There were 2,514 households in Buena Vista, of which 32.2% had children under the age of 18 living in them. Of all households, 18.1% were married-couple households, 22.4% were households with a male householder and no spouse or partner present, and 52.9% were households with a female householder and no spouse or partner present. About 37.9% of all households were made up of individuals and 16.7% had someone living alone who was 65 years of age or older.

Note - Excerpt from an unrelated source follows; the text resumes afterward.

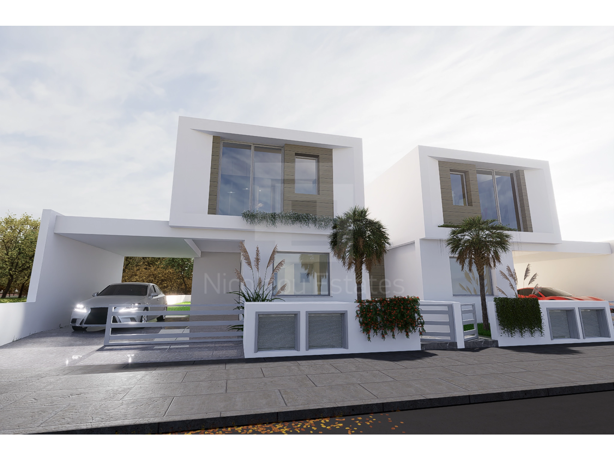 Καινούργιες κατοικίες τριών υπνοδωματίων προς πώληση στην περιοχή Παναγιά στην Παλουριώτισσα σε ωραία τοποθεσία και κοντά σε πολλές υπηρεσίες. Οι κατοικίες θα είναι χτισμένες σε μοντέρνα γραμμή και θα αποτελούνται η καθεμία από εμβαδόν περίπου 182τμ. καλυμμένου χώρου 3.50τμ. περίπου καλυμμένες βεράντες και 32τμ. περίπου καλυμμένος χώρος στάθμευσης. Το ισόγειο θα αποτελείται από τραπεζαρία κουζίνα σαλόνι WC ξένων με ντους διπλό στεγασμένο γκαράζ και προαιρετικά χώρο γραφείου. Ο όροφος θα αποτελείται από τρία υπνοδωμάτια ντους στο κυρίως υπνοδωμάτιο κουζινάκι μπάνιο και βεράντα. Εξωτερικά θα υπάρχει διαθέσιμος χώρος για πισίνα. Χαρακτηριστικά Πιστοποιητικό ενεργειακής απόδοσης Α Εγκατεστημένο σύστημα φωτοβολταϊκών απόδοσης 3KW Πρόνοιες για συστήματα κλιματισμού Πρόνοιες για κάμερες και ηλεκτρικό αυτοκίνητο Χώρο για πλυντήριο και στεγνωτήριο στον όροφο Εn suite στο κυρίως υπνοδωμάτιο Κυρίως μπάνιο και τουαλέτα ξένων στο ισόγειο Πιεστικό σύστημα νερού Κήπος Το ακίνητο εμπίπτει για χορηγία ακριτικών περιοχών New three bedroom houses for sale in the Panagia area of Palouriotissa in a nice location and close to many services. The houses will be built in a modern style and will each consist of an area of approximately 182 sq m. of covered space approximately 3.50 sq m. of covered verandas and approximately 32 sq m. of covered parking space. The ground floor will consist of a dining room kitchen living room guest WC with shower double covered garage and optional office space. The first floor will consist of three bedrooms shower in the master bedroom kitchenette bathroom and veranda. Outside there will be space available for a swimming pool. Features Energy Performance Certificate A Installed photovoltaic system with 3KW efficiency Provisions for air conditioning systems Provisions for cameras and electric car Space for washing machine and dryer on the first floor En suite in the master bedroom Main bathroom and guest toilet on the ground floor Pressurized water system Garden The property falls under the sponsorship of border regions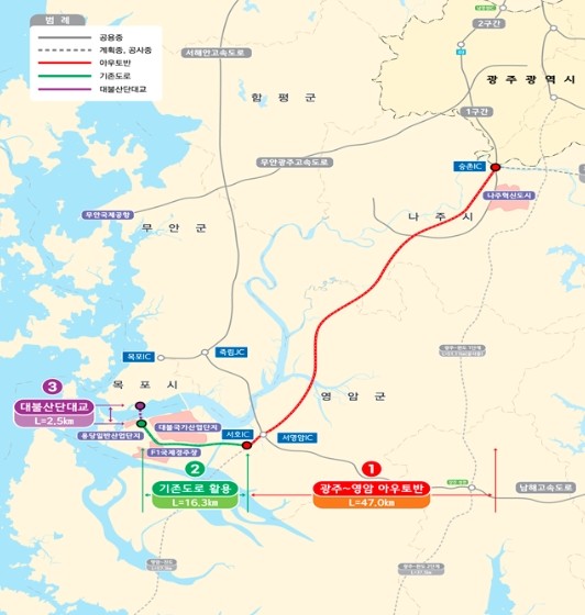 사업비는 광주~영암 초고속도로 2조 6천억 원, 대불산단대교 1천900억 원 등 총 2조 7천900억 원이 소요될 예정이다.

There were 2,904 housing units, of which 13.4% were vacant. The homeowner vacancy rate was 3.1% and the rental vacancy rate was 12.1%.

===2000 census===
As of the 2000 census, there were 7,845 people, 2,905 households, and 2,077 families residing in the CDP. The population density was 1,750.6 PD/sqmi. There were 3,192 housing units at an average density of 712.3 /sqmi. The racial makeup of the CDP was 22.51% White, 69.27% African American, 0.45% Native American, 0.17% Asian, 0.01% Pacific Islander, 4.91% from other races, and 2.69% from two or more races. Hispanic or Latino of any race were 9.82% of the population.

There were 2,905 households, out of which 35.8% had children under the age of 18 living with them, 35.5% were married couples living together, 31.4% had a female householder with no husband present, and 28.5% were non-families. 24.1% of all households were made up of individuals, and 8.8% had someone living alone who was 65 years of age or older. The average household size was 2.65 and the average family size was 3.13.

In the CDP, the population was spread out, with 30.8% under the age of 18, 8.8% from 18 to 24, 26.2% from 25 to 44, 21.9% from 45 to 64, and 12.3% who were 65 years of age or older. The median age was 33 years. For every 100 females, there were 88.0 males. For every 100 females age 18 and over, there were 80.4 males.

The median income for a household in the CDP was $26,689, and the median income for a family was $30,118. Males had a median income of $29,000 versus $23,866 for females. The per capita income for the CDP was $14,243. About 22.4% of families and 22.9% of the population were below the poverty line, including 33.7% of those under age 18 and 13.8% of those age 65 or over.
==Education==
The CDP is mostly within the Saginaw City School District. Portions south of Hess Avenue are within the Bridgeport-Spaulding Community School District.